Fig. 5b–d show the Kohonen weights of 18 variables in the three groups obtained using CP-ANN analyses. According to the figure, all the variables present high effect in raw samples, variables of 11 (demethyldelavaine A/B) and 13 (8-pdc-benzoylmesaconine) were the most discrimination variables for Baifupian, variables of 8 (benzoylmesaconine), 9 (benzoylaconitine), 10 (benzoylhypacoitine), 11 (demethyldelavaine A/B) and 13 (8-pdc-benzoylmesaconine) for Heishunpian. The main reason for the similarity between two processed samples was the similar effect of variables of 11 and 13. The most discrimination variables of Baifupian, and Heishunpian were MDA, ADAs or LDA that possessed lower toxicity than DDAs. Based on the results, it could be concluded that the chemical composition was changed, most of the compounds were reduced and high toxic compounds decomposed to the lower toxic derivatives after processing which had led to the lowered toxicity of the processed products.

4. Conclusions

Processing before clinical use is an important step for toxic traditional Chinese medicines. In the present study, a strategy comprising UPLC-MS and chemometric methods was developed for the comprehensive analysis and comparison among raw and two processed Aconiti Lateralis Radix. UPLC-MS was used to identify the chemical composition of Aconiti Lateralis Radix samples, including raw samples, and two kinds of processed samples (Heishunpian and Baifupian). HCA and PCA described the relationships among raw and processed samples, and were used to develop the appropriate classification methodology. According to the results from the HCA and PCA, the samples were classified into three groups (the raw samples, Heishunpian and Baifupian).

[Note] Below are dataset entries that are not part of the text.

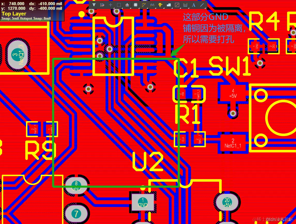 (3)不过需要注意,可能有少部分GND因为被隔离,所以需要打孔。
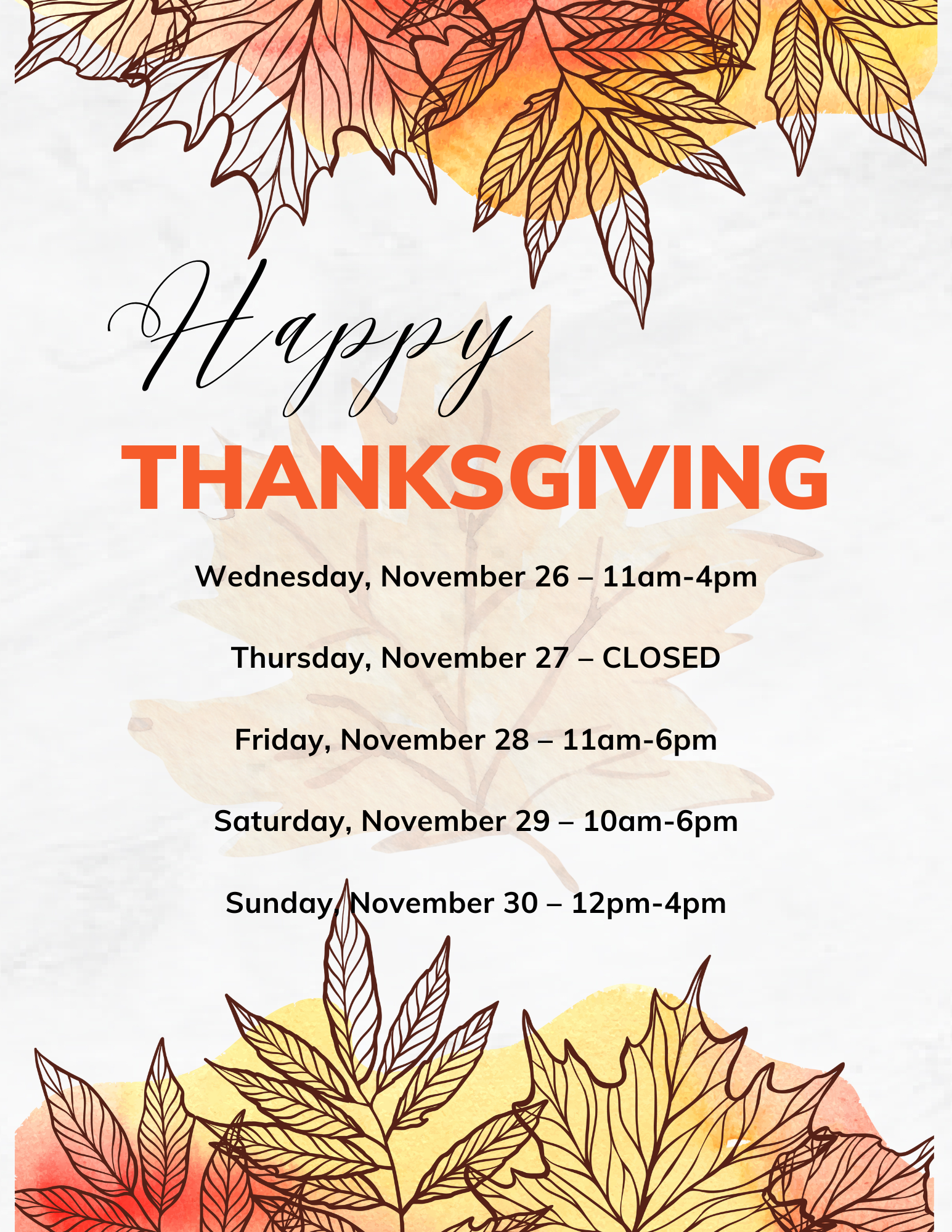 Store HoursSunday: 12PM - 4PMMonday: CLOSEDTuesday - Saturday: 11AM - 6PM
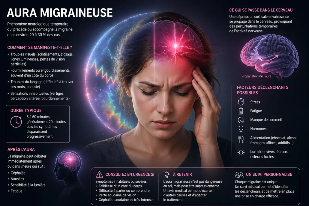 Certaines personnes présentent une aura migraineuse, c’est-à-dire des symptômes neurologiques transitoires précédant ou accompagnant la crise. Cela peut inclure des scintillements visuels, des zones floues, des fourmillements, des troubles du langage ou une sensation étrange difficile à décrire. L’aura ne survient pas chez tout le monde.
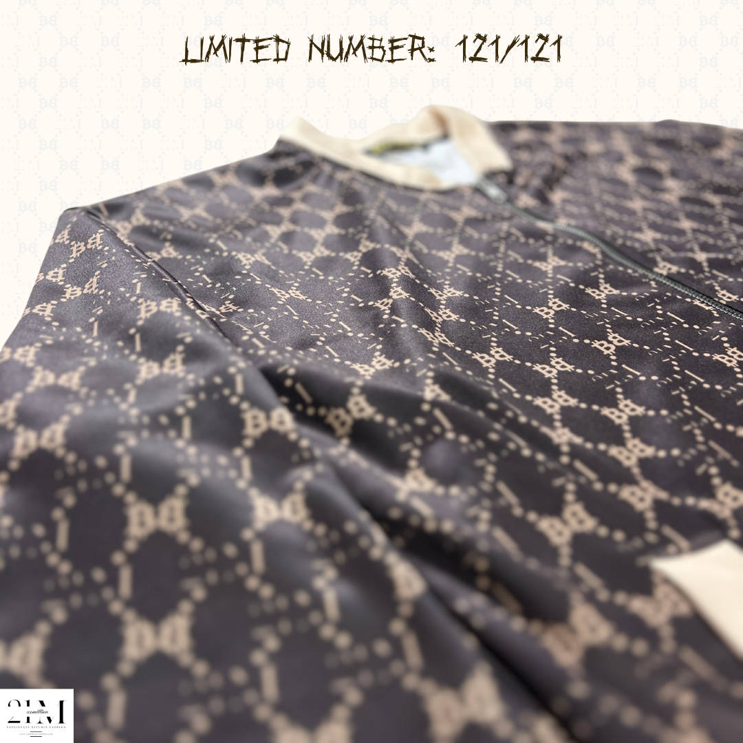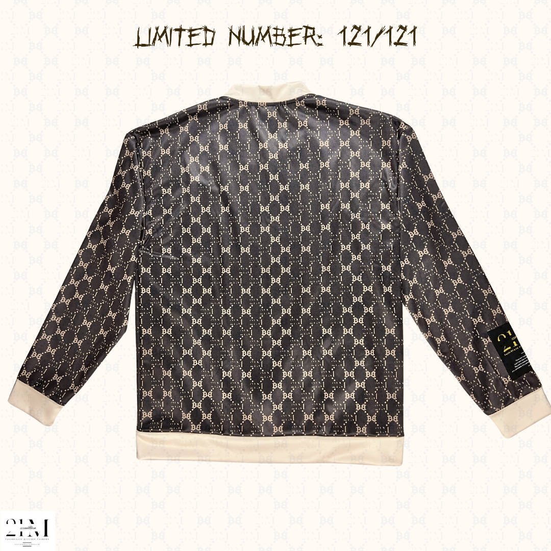 Adorned with the 21million monogram, a testament to bold design and creativity, this jacket features a distinctive pattern that commands attention. The jacket is signed and numbered on the inside lining, blockheight and scarcecity auction mentioned, elevating it to a one-of-a-kind masterpiece.
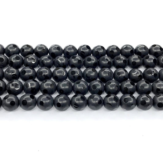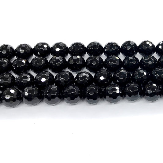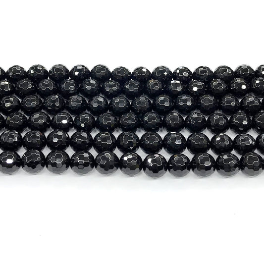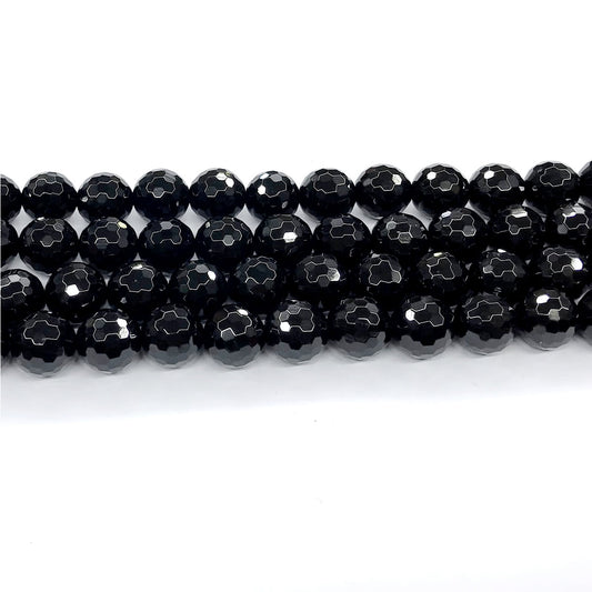 CAG210 Black Agate Beads Faceted Round 10mm 15" Strand
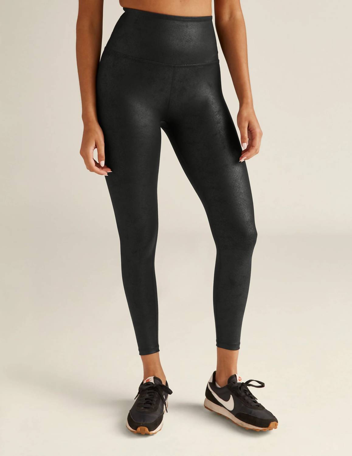 The legging you didn't know you needed and you won't want to take off. Experience the perfect blend of luxury and comfort with the BEYOND YOGA Spacedye Caught In The Midi Leatherette Leggings in Black Foil. These high-waisted faux leather leggings feature a pull-on closure and a 5” waistband, offering a flawless and elongating silhouette with no outseams. Crafted from polyamide, these leggings have a slim fit and a midi length that falls between the calf and ankle. Care is easy with machine wash instructions, making these leggings a versatile and flattering choice for any occasion.
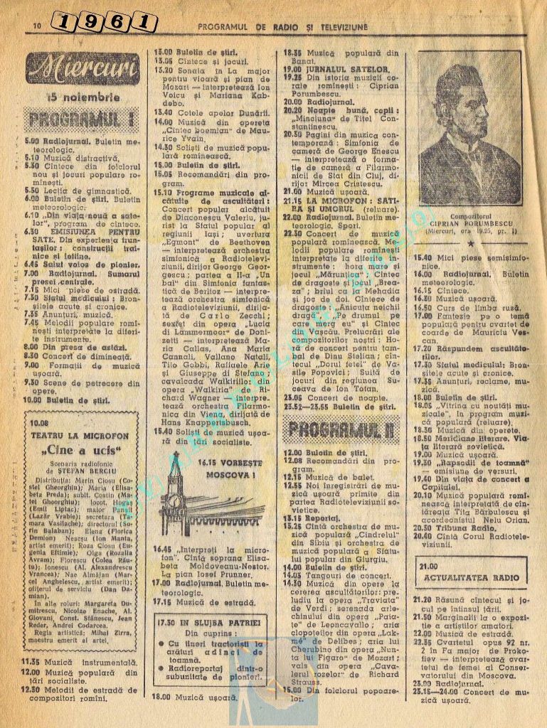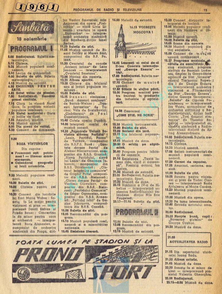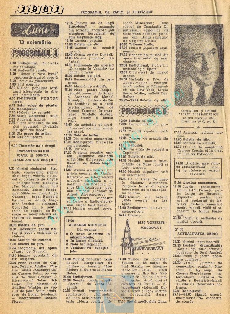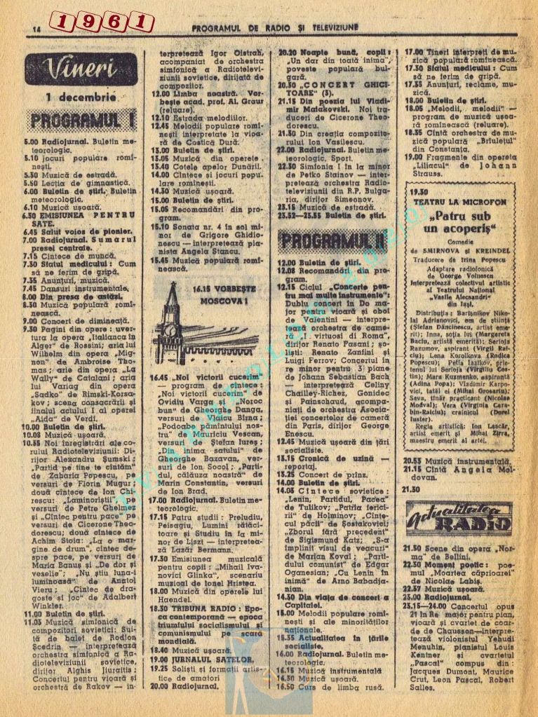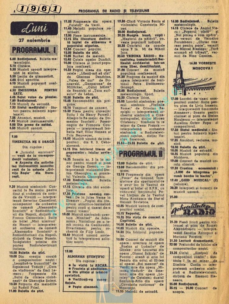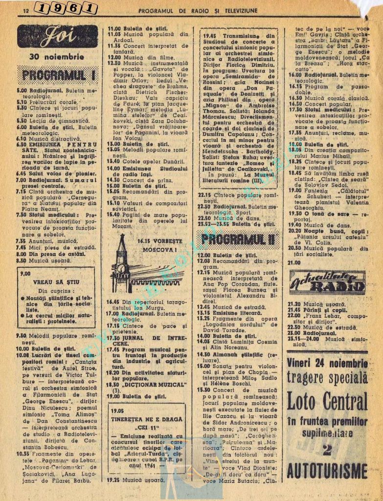 Nici o referire în tot cuprinsul revistei referitor la Ziua Unirii. Nici măcar în ziua de vineri, 1 decembrie 1961. Singurul lucru care iese în evidență este vigneta imperativ-vocativă „VORBEȘTE MOSCOVA!” La Televiziune nu se pune problema, deoarece s-a nimerit ca 1 decembrie să fie exact în ziua de pauză a Televiziunii din Moliere.
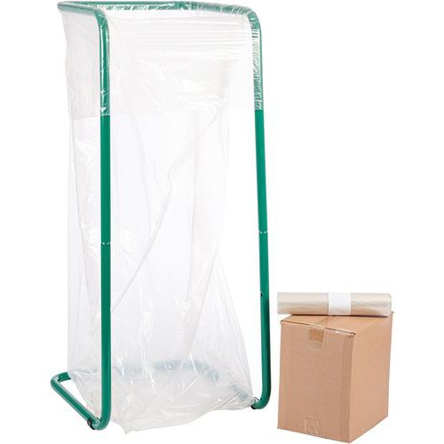 Sacos de lixo de 400 litros, perfeitos para a recolha de películas. Fabricados a partir de LDPE. Embalados em rolos de 7 sacos, com 12 rolos por caixa. Cada saco tem capacidade para cerca de 18 kg de película. Os sacos são perfurados e não impressos.
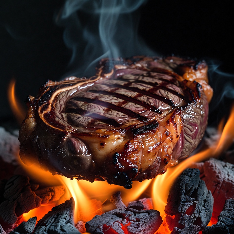 barbecue, beef, embers, fire, flames, food photography, gourmet steak, grill marks, grilled steak, hot steak, isolated background, juicy steak, meat, ribeye steak, seared meat, sizzling steak, smoke, steam, steak
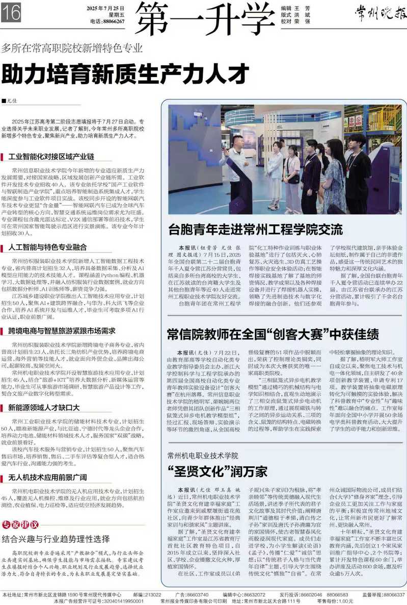 常州晚报·第一升学:多所在常高校新增特色专业,助力培育新质生产力人才
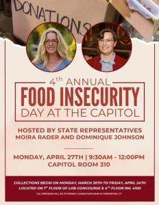 Reps. Rader and Johnson will host the 4th Annual Food Insecurity Day at the Capitol on Monday, April 27. Hear from legislators and advocates about food insecurity and efforts to support our critical food banks and pantries.
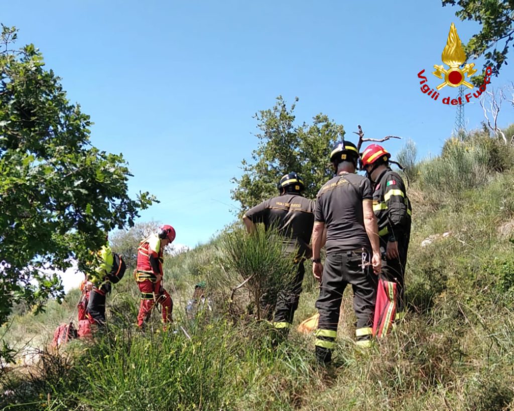 In una zona impervia, anche il personale del Saf soccorso speleo alpino fluviale
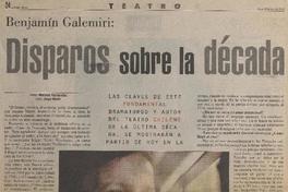 Benjamín Galemiri : disparos sobre la década [entrevista] / [artículo] : Marcela Fuentealba. El Metropolitano (Diario : Santiago, Chile)-- jun. 21, 1999, p. 24. .
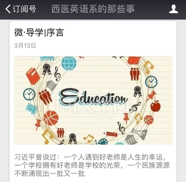 (英语系)为更好落实英语专业本科生导师制,提高英语专业本科生培养质量,促进英语专业学生学习,英语系决定借助微信公众号——“西医英语系的那些事”,开展“导学有法Follow Me”微信导学活动,由导学教师每周向学生推荐优秀读物、经典论文、励志电影、就业引导、毕业论文撰写等内容。 2016年3月13日,“导学有法Follow Me”微信导学活动正式上线。英语系副主任薛英利引用习近平主席的话:“一个人遇到好老师是人生的幸运,...
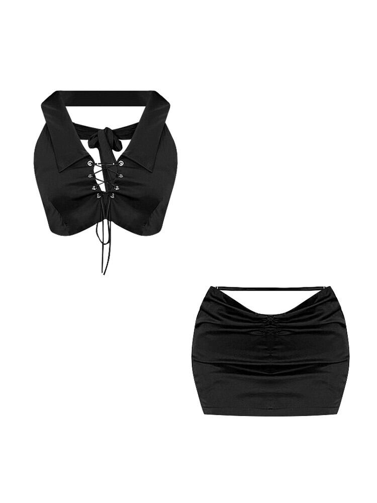 インターネットセレブファッションスーツ女性の夏の純粋な欲望ノースリーブホルターネックストラップ小さなベストハイウエストプリーツヒップショートスカート ハイウェスト サマー 夏物 ピュア ガールズファッション20008564174
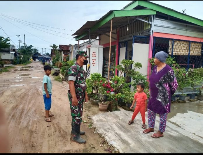 KODIM 0426/TB- Rawajitu Selatan (Tulang Bawang) — Babinsa Kampung Yudha Karya Jitu, Kecamatan Rawajitu Selatan, Kabupaten Tulang Bawang, Sertu Basarudin mengimbau masyarakat mematuhi protokol kesehatan Covid-19 saat beraktivitas di luar rumah.
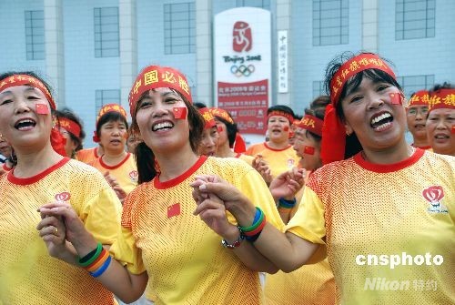 圖:北京群眾拉拉隊(duì)天安門為奧運(yùn)加油(2)
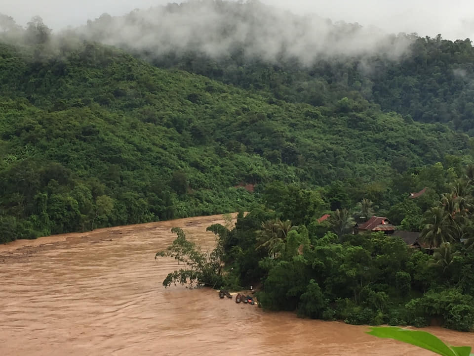 Nước sông Nậm Nơn dâng cao đe dọa sự an toàn của nhiều nhà dân
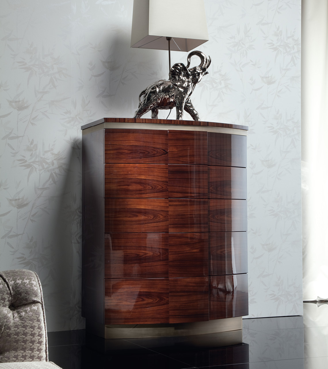 Chest with combination of brazilian rosewood veneer with high gloss polyester finish and bronzed stainless steel details. 5 full extension double drawers with bottom in velvet fabric. Bronzed stainless steel base.
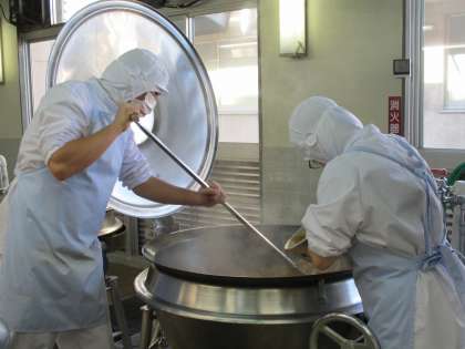 今日の給食は、みんなが大好きな「カレーライス」でした。写真2枚目は、調理員さんがカレーライスを仕上げているところです。左側の調理員さんがカレーをかき混ぜ、右側の調理員さんが手作りのルウをゆっくりと加えています。肉と野菜をじっくり炒めて作ったカレーは、野菜のうまみとあまみがたっぷり。家庭では作れない、学校ならではの味です。
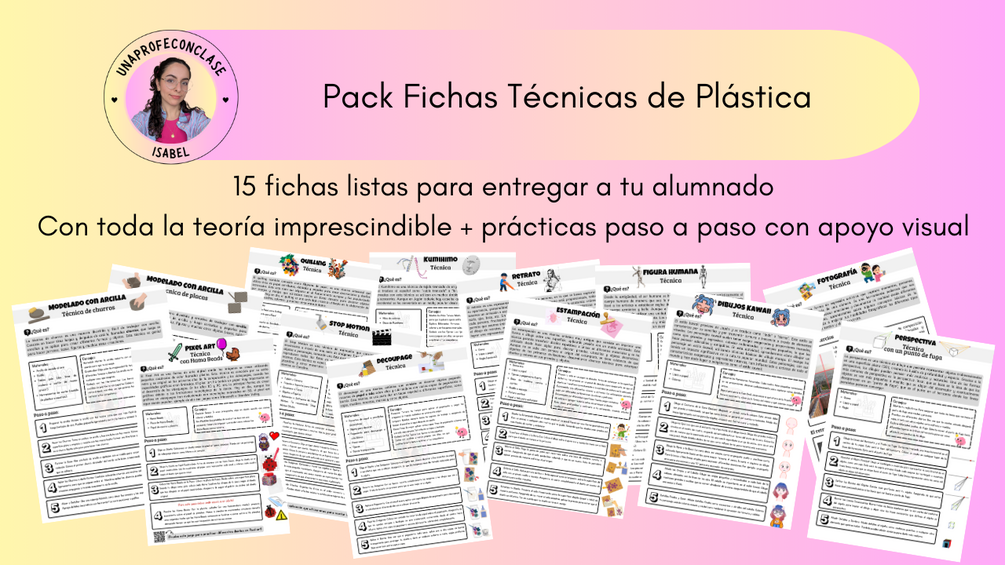 Un pack con 15 fichas listas para entregar a tu alumnado. Podrás trabajar +10 técnicas diferentes dentro del aula

The CP-ANN model was developed to facilitate a supervised recognition pattern and for investigation the effect of compounds in the differentiation of raw and two processed products of Aconiti Lateralis Radix before and after processing. Together, the proposed strategy discriminated compounds between the raw and processed Aconiti Lateralis Radix samples, and provided a generalizable approach for comprehensive comparison of chemical composition for Chinese herbal medicines before and after processing.